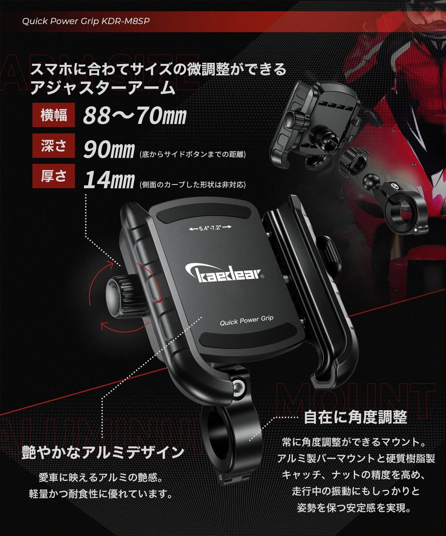 【クイックパワーグリップ】 万力の様に締め付け圧でスマホを固定するのが特徴のパワーグリップがクイックレバーに進化。レバーを倒した時にスマホがしっかり固定される位置に左のダイヤルを回してアームを調整します。レバーを起こすとスマホを上に抜き取る事ができます。スマホを差し込みレバーを倒すとスマホが固定されます。構造上ホルダーのサイズを小さくできます。「ハンドル周りに大きなものを取り付けたくない。」、「夏場のスマホの冷却を考慮したい」、「スマホをホルダーに取り付けたままカメラを使用したい。」、「手動でガッチリ固定しないと気持ち悪い」そんな方にオススメなモデルKDR-M8SPです。
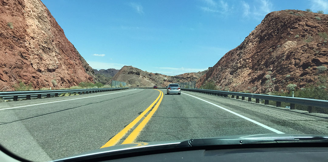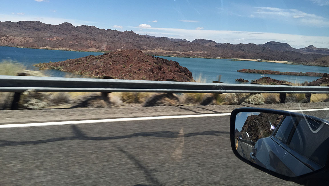 For about the next 90 minutes, Highway 95 ran parallel to the bright turquoise Colorado River.  There were homes lining the river for most of the way, and we spotted a few boaters out enjoying the beautiful Saturday weather. It wasn’t long until we closed in on Lake Havasu City.
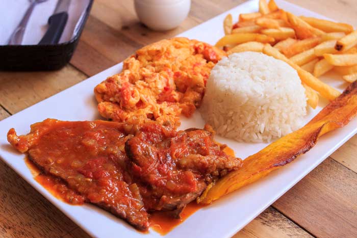 Carne en bistec, arroz, huevos al gusto, papa frita, tajada de maduro y bebida del día sujeto a disponibilidad de la tienda puedes recibir (chocolate, limonada natural y jugo natural)
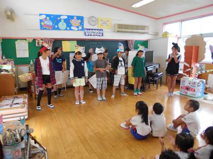 今日の20分休み、保健体育委員会は幼稚園へ行きました。
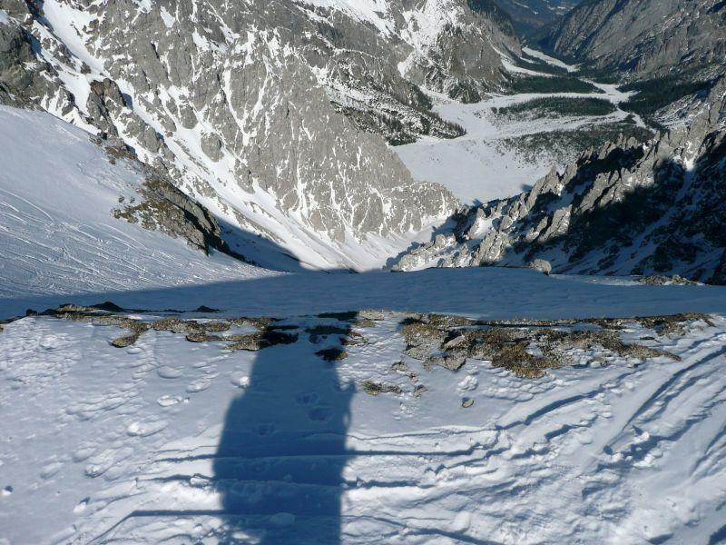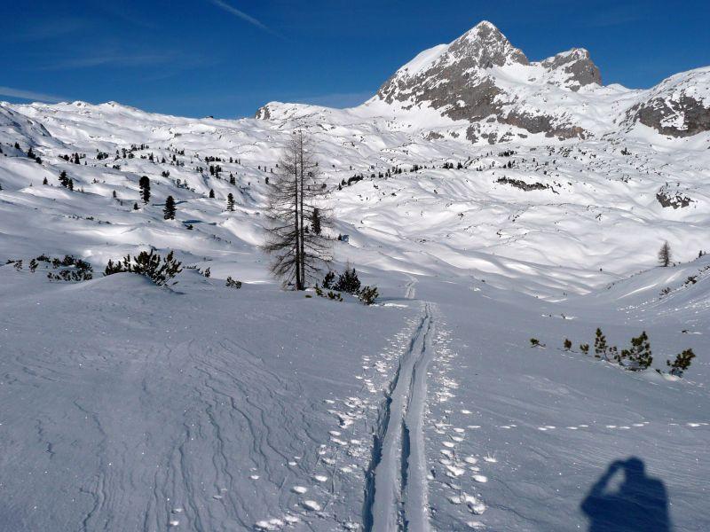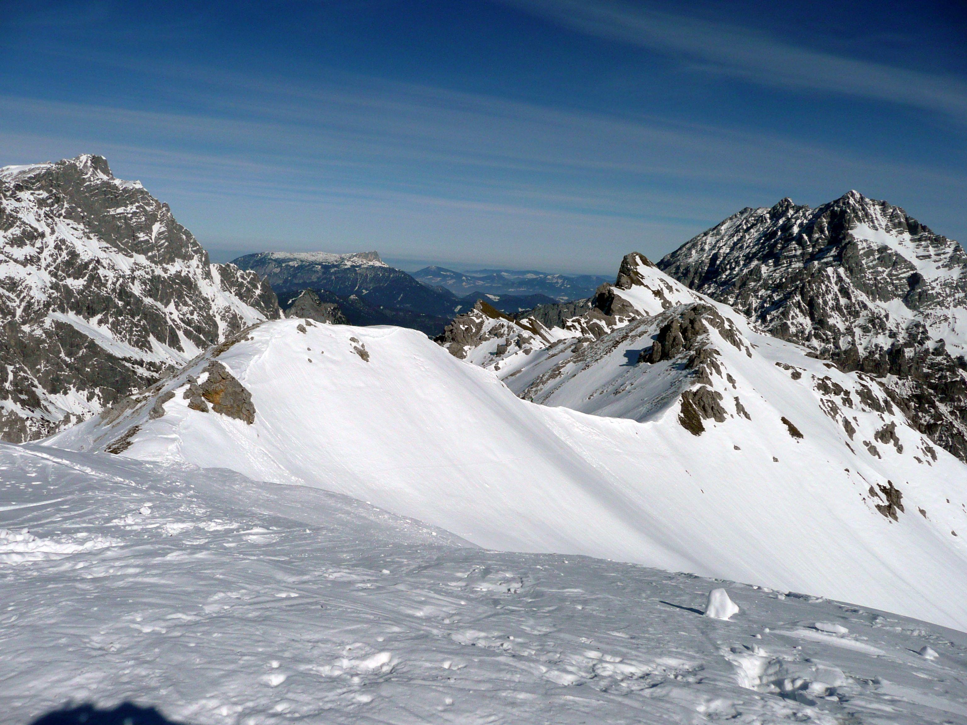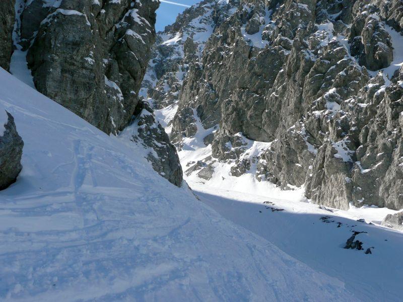 Wieder sind die Verhältnisse super, die Hochwies ist heute sehr angenehm zu fahren (Pulverschnee). Dann steht der letzte Anstieg (ca. 400 Hm) auf die Kematenschneid an. Von dort geht es zur Einfahrt in den Loferer Seilergraben, der schon gut besucht war und ebenso super zu fahren war.
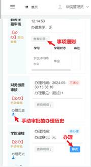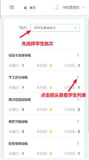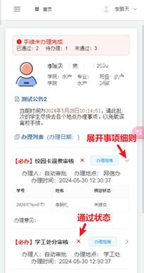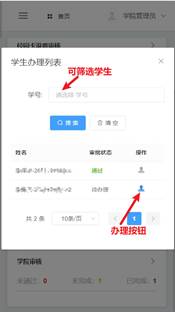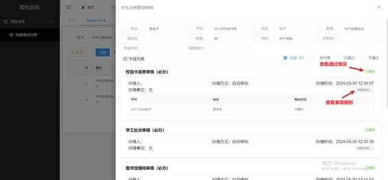 每个学生列表有两个图标,可进行单个学生审批和查看该生离校细则
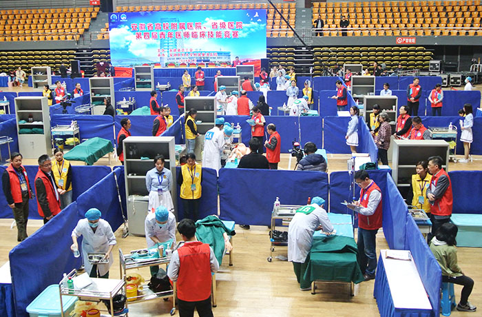 安徽省高校附属医院、省级医院青年医师临床技能竞赛,是省总工会为进一步加强全省各高校附属医院、省级医院临床医师队伍建设和临床基础理论、基本知识、基本技能的培养,提升广大青年医师的诊疗水平和业务技能,全面提高青年医师的综合素质,着力培育青年医师人才而举办的一项技能赛事。竞赛分为预赛和决赛两个阶段,预赛采用“站点式”比赛,共设8个站点。决赛采用“赛道式”比赛,每个赛道设4个考站,通过医学模型、标准化病人(SP)等内容,全面考核青年医师的临床思维、临床技能、团队精神、人文关怀和心理素质。
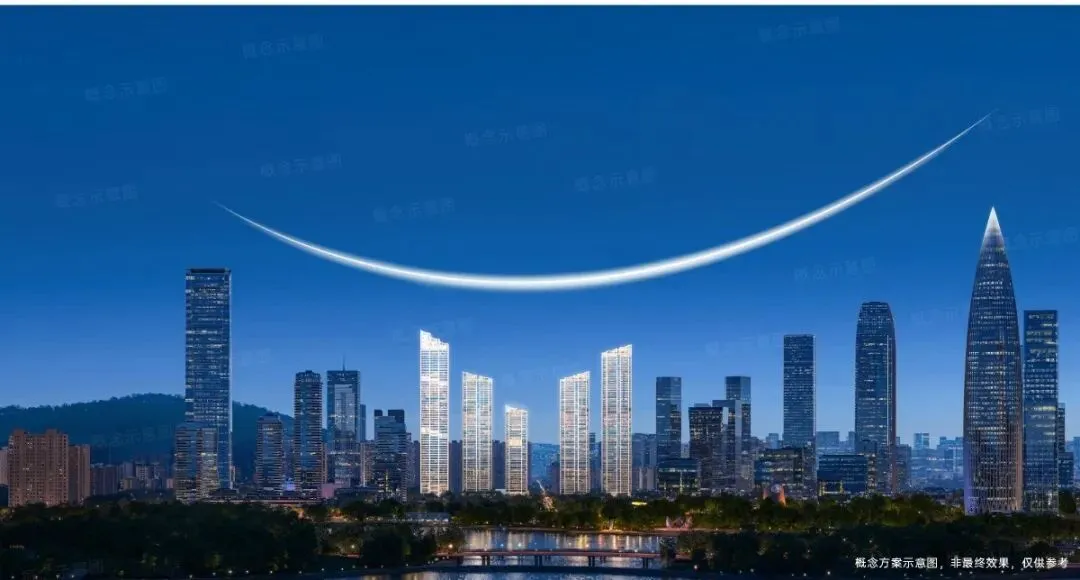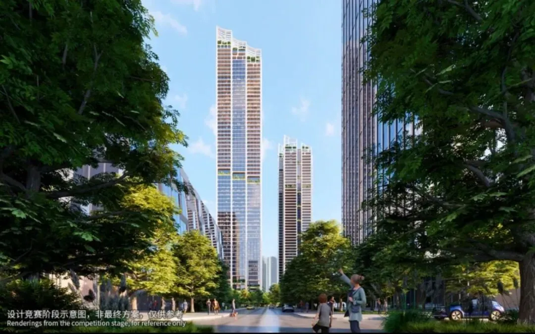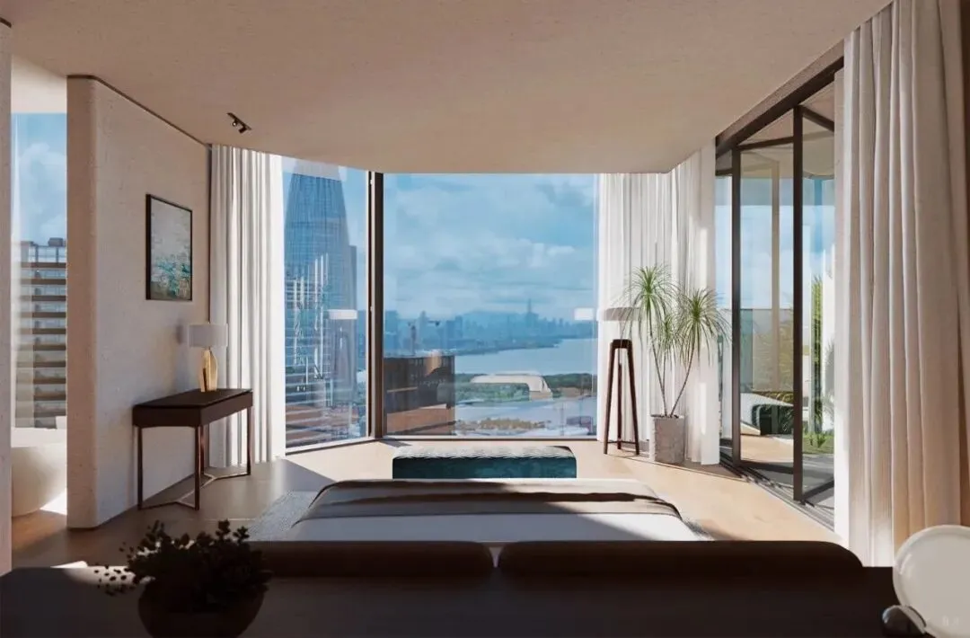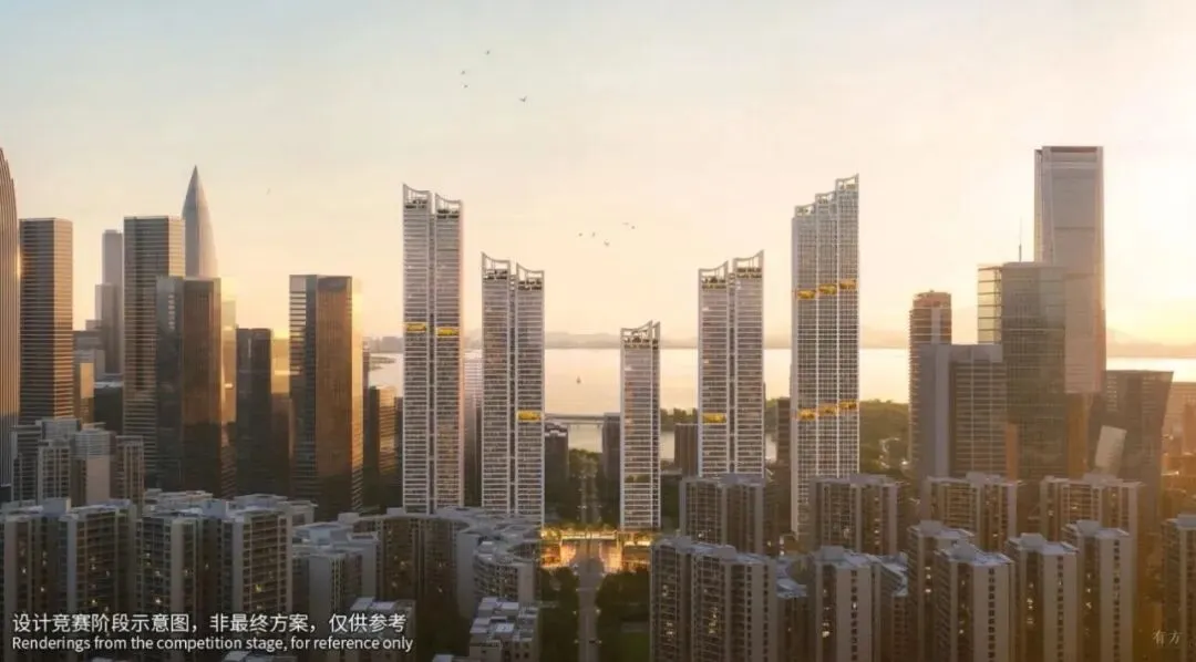项目由五座150-250米塔楼组成,区别于周边规整垂直的传统塔楼,采用错落布局和平面退台设计,以优化深圳湾景观视野,塑造出更加立体、有机的城市天际线。
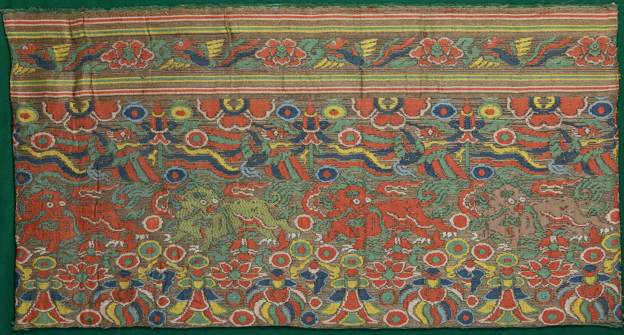 A section from a longer weaving, the fragment is woven various vibrant threads to depict an upper register of long-tailed phoenix alternating with a flower head. The main register depicts Buddhist lions clutching in its mouth the ribbon of a brocade ball, amongst cloud scrolls, all above a band of parasols. Mounted. Provenance: from a private Dutch collection. Catalogue notes: Compare an almost identical brocade section from the Myrna and Samuel Myers Collection published in J. Vollmer, Silks for Thrones and Altars, Paris, 2003, p. 87.
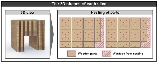 With an aim to support the minimum amount of wooden material used, a nesting feature has been introduced. The present study used a free, open-source Grasshopper 3DTM plugin called OpenNestTM. The algorithm automatically derived the nesting position of all parts of the furniture, when the dimension of the plywood sheet was selected. The user could introduce a variety of plywood sheet dimensions that are available for use in industry, while at the same time, the texture properties were applied (Figure 5).
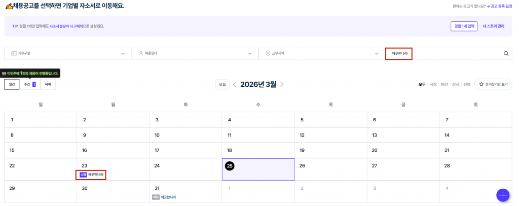 2️⃣ '자기소개서 > 실시간 채용공고' 메뉴의 채용공고 달력에서 '깨끗한나라 (3/31)' 클릭
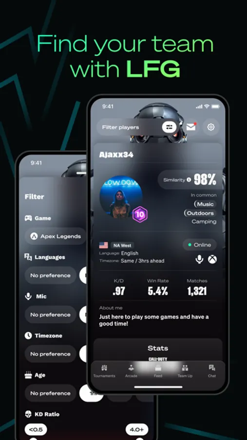 Playing with randoms just got a whole lot less random! With our LFG feature, you can now browse player profiles using various filters such as gender, location, age, mic preference, and more. You can then easily connect with them by swiping right and invite them to join your tournaments! You can chat with your matches and new teammates directly in the Z League App.
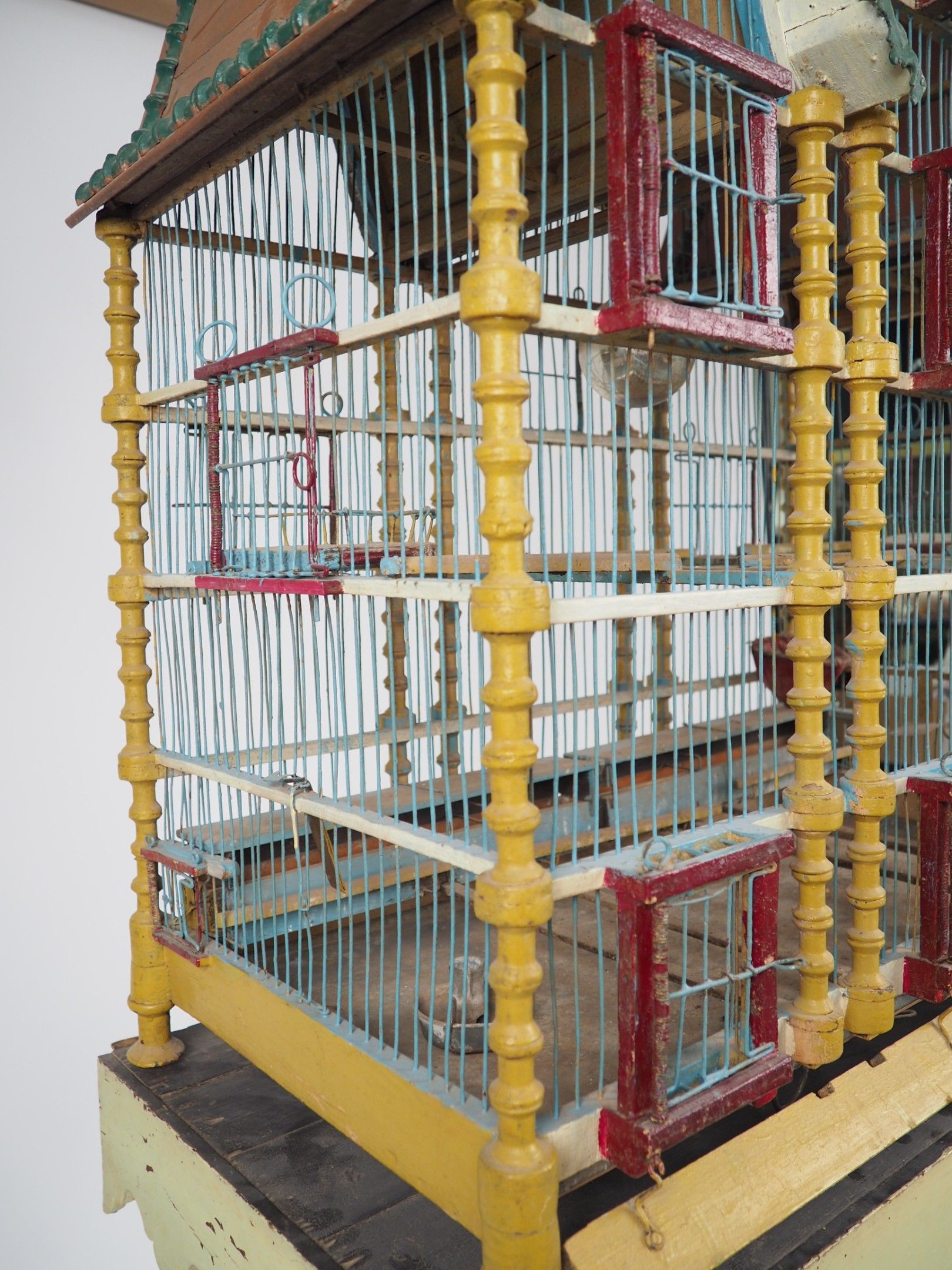 19th century wooden and polychrome iron birdcage on tripod stand.
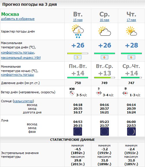 Подготовьте свои вещи к своему пребыванию, взглянув на прогноз погоды для Москвы и средней полосы России.
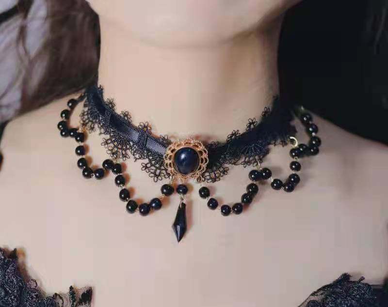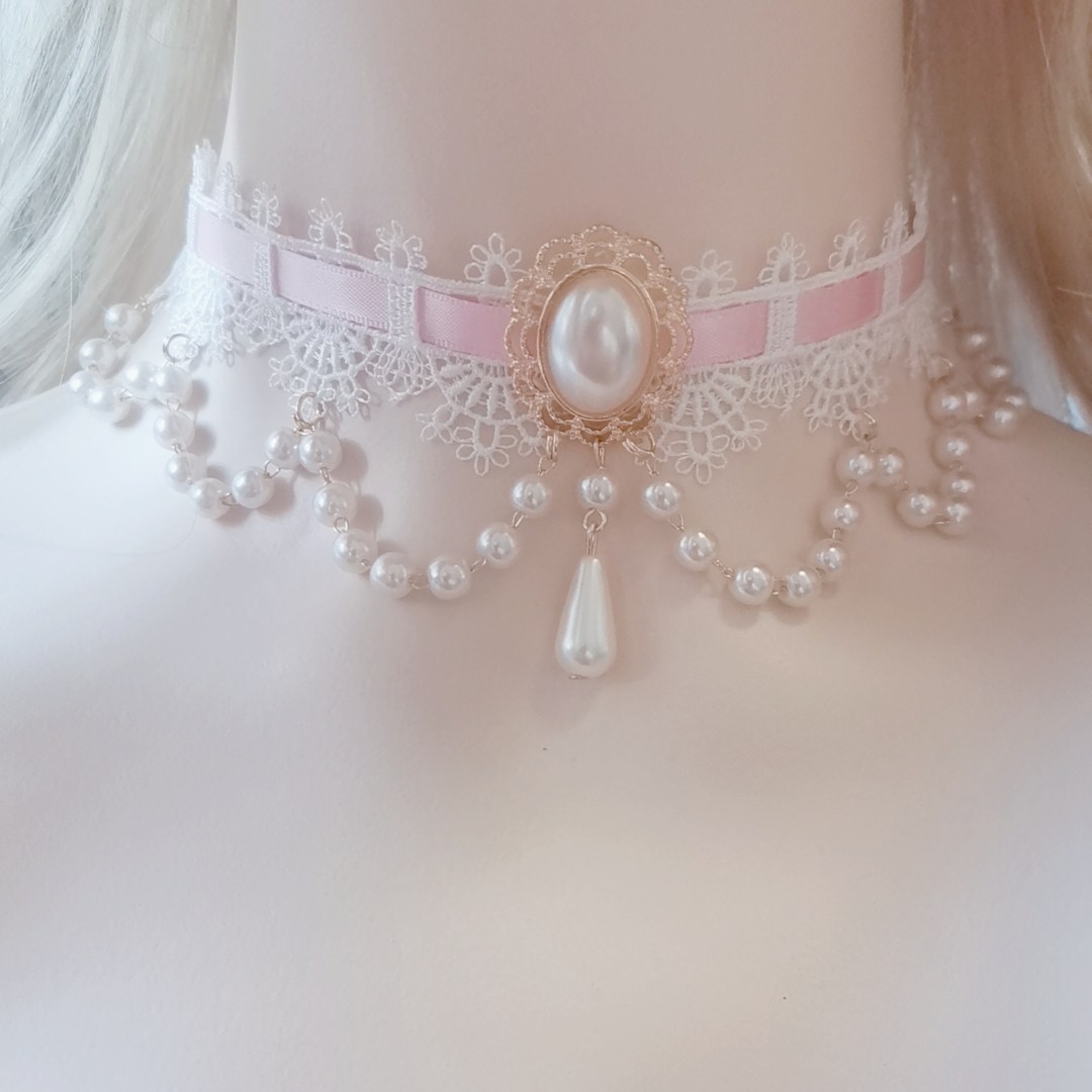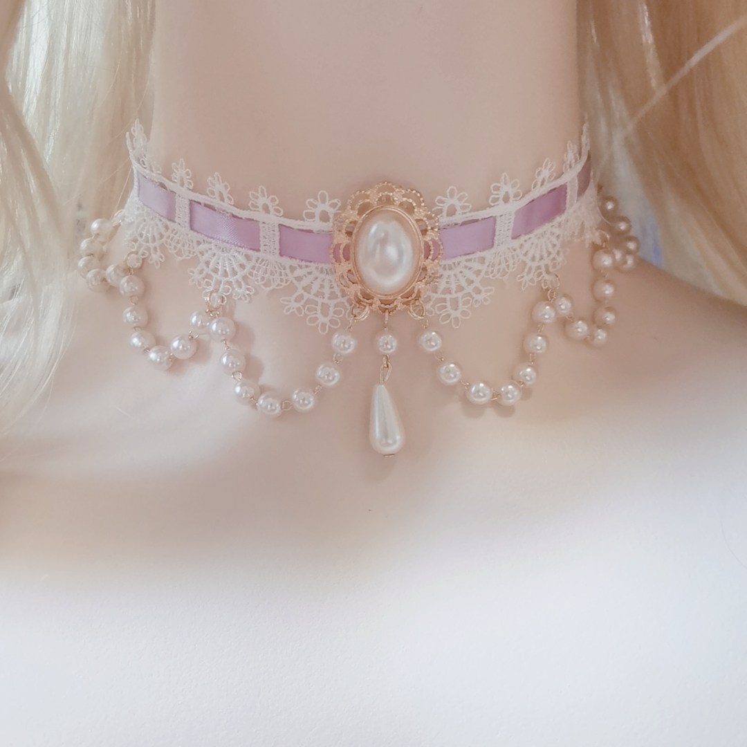 洛丽塔原创手作Lolita锁骨链华丽白色珍珠项链复古欧式宫廷可改色
+ + +
_The task_
Nothing but the lines from the line containing "Подготовьте свои вещи" to the end of the records above should be repeated, exactly and with every picture omitted.

_Response to the task_
 Подготовьте свои вещи к своему пребыванию, взглянув на прогноз погоды для Москвы и средней полосы России.
 洛丽塔原创手作Lolita锁骨链华丽白色珍珠项链复古欧式宫廷可改色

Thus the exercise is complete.